Moody's Downgrades 4 Major Banks; GAO Study Finds Big Bank Benefits; CIA Collecting Data on Money Transfers

Receiving Wide Coverage ...

Downgraded: Moody's downgraded four major U.S. banks — JPMorgan Chase, Morgan Stanley, Goldman Sachs and Bank of New York Mellon — Thursday, after the rating agency concluded that the government has become less likely to bail out big firms. "The lower credit ratings could raise the cost of capital for the banks, many of which were already downgraded by Moody's following another major review undertaken last year," the FT reports. Wall Street Journal, American Banker

Subsidized: The first of two anticipated studies from the Government Accountability Office has found that (surprise!) big financial firms benefited from U.S. aid during the crisis in the forms of lower rates and longer maturities. The GAO didn't attach a dollar amount to these subsidies. A second GAO study, due out next year, is expected to examine how big banks benefit from the market's assumption that the government will bail them out of a crisis. Wall Street Journal, Bloomberg, American Banker

Yellen Confirmation Hearing: Here are a few key takeaways from Federal Reserve chairman nominee Janet Yellen's Senate Banking committee hearing yesterday, per the dailies: Her confirmation is widely expected.
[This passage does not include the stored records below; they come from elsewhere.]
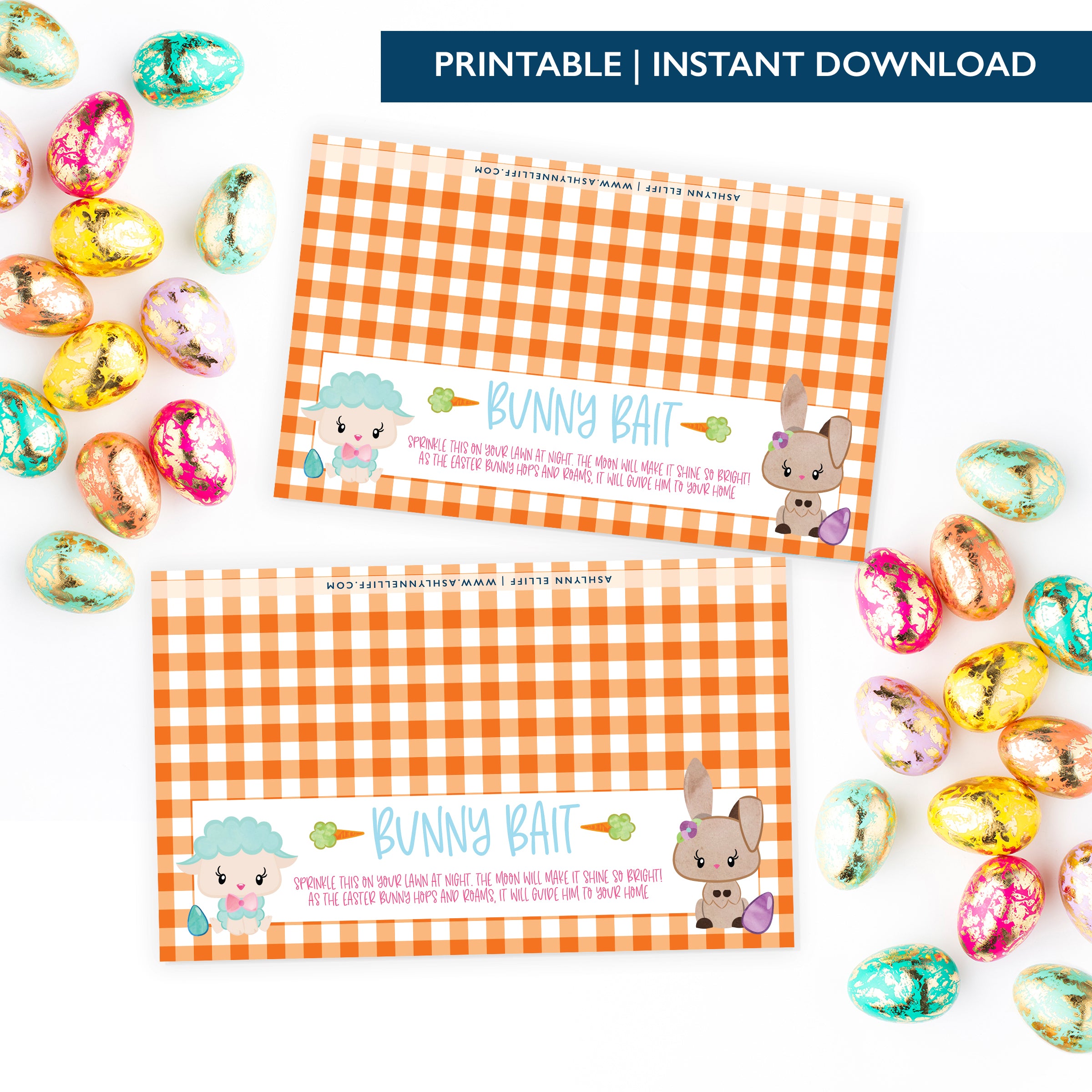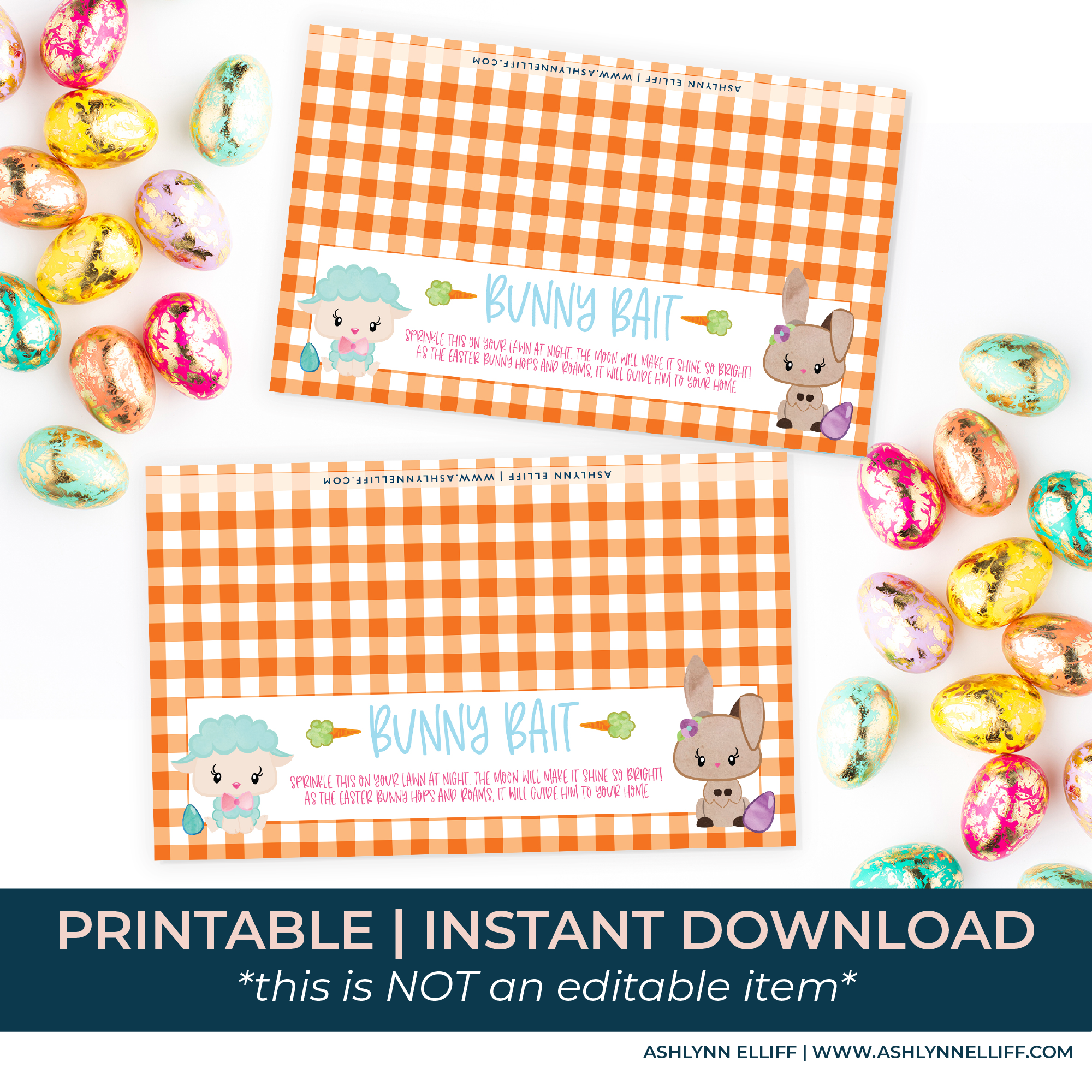 Printable (Instant Download) Orange Bunny Bait Goodie Bag Toppers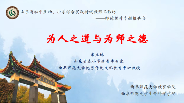 优秀传统文化教育中心教授宋立林作题为《为人之道与为师之德》的会议报告。山东省初中生物、小学综合实践特级教师工作坊全体成员及足球论坛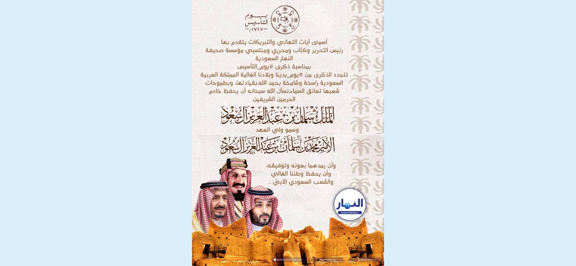 بمناسبة ذكرى يوم التأسيس، تتقدم صحيفة النهار السعودية بأسمى آيات التهاني والتبريكات إلى مقام خادم الحرمين الشريفين الملك سلمان بن عبد العزيز آل سعود، وسمو ولي العهد رئيس مجلس الأمير محمد بن سلمان بن عبد العزيز آل سعود.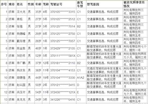 山东公布第三批终生禁驾名单:191人上榜 济南21人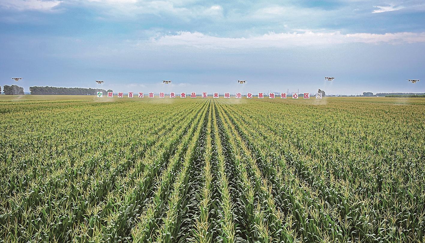 在梨樹(shù)縣國(guó)家百萬(wàn)畝綠色食品原料(玉米)標(biāo)準(zhǔn)化生產(chǎn)基地核心示范區(qū),工作人員開(kāi)展植保無(wú)人機(jī)飛防作業(yè)。 本報(bào)記者 趙博 攝

Quantitative easing is likely to last (at least) a little bit longer under her watch. (Stocks climbed following her remarks.) And big banks may have a reason to be nervous. The last suggestion comes courtesy of Journal Heard on the Street columnist David Reilly who believes that Yellen came off as "hawkish" on "too big to fail" (and its related regulations) during the hearing. "The question is whether Ms. Yellen will stick to it should economic growth continue to prove elusive," he writes.

Wall Street Journal

JPM is shutting down its energy-trading team in Geneva.

Despite its assertions to the contrary, UBS is still working behind the scenes to revamp its investment bank. "The bank's position … reflects a broader trend in which second-tier investment banks face shareholder and regulatory pressure to shrink but have trouble relinquishing the riches of investment banking in good years like this one," the paper notes.

"It's been consistently inconvenient and occasionally frustrating … but never impossible" to live off of Bitcoin, says one half of a couple that documented their attempt to live solely off of Bitcoin. The single hardest thing to get regularly, the paper reports, is gasoline.

Financial Times

Barclays is cutting 1,700 jobs at its U.K. retail banking operation.

New York Times

U.S. Attorney General Eric Holder weighs in on the burgeoning international Forex probe: "The manipulation we've seen so far may just be the tip of the iceberg. We've recognized that this is potentially an extremely consequential investigation."

Current and former government officials tell the paper the CIA is secretly collecting bulk records of international money transfers handled by companies like Western Union under the same law the NSA used to collect phone records. A few anonymice say more bulk collection programs exist, but have yet to come to light. The disclosure "offers evidence that the extent of government data collection programs is not fully known and that the national debate over privacy and security may be incomplete," the paper notes.

Top New York regulator Benjamin Lawsky is suggesting firms that conduct virtual currency transactions be issued a "BitLicense." The announcement comes ahead of a public hearing Lawsky plans to hold on digital currencies (no date set yet). "If the plans go ahead, it would be an important step in bringing bitcoin and other virtual currencies closer to the financial mainstream," Dealbook notes.

Columnist Floyd Norris addresses market participants' propensity to blame the rating agencies when deals go bad, using a new suit by the trustee for two Bear Stearns funds as an example. "Even if the rating agencies are found to have acted wrongly, that in no way should absolve money managers from blame for investing billions of dollars in securities they knew little about," he concludes.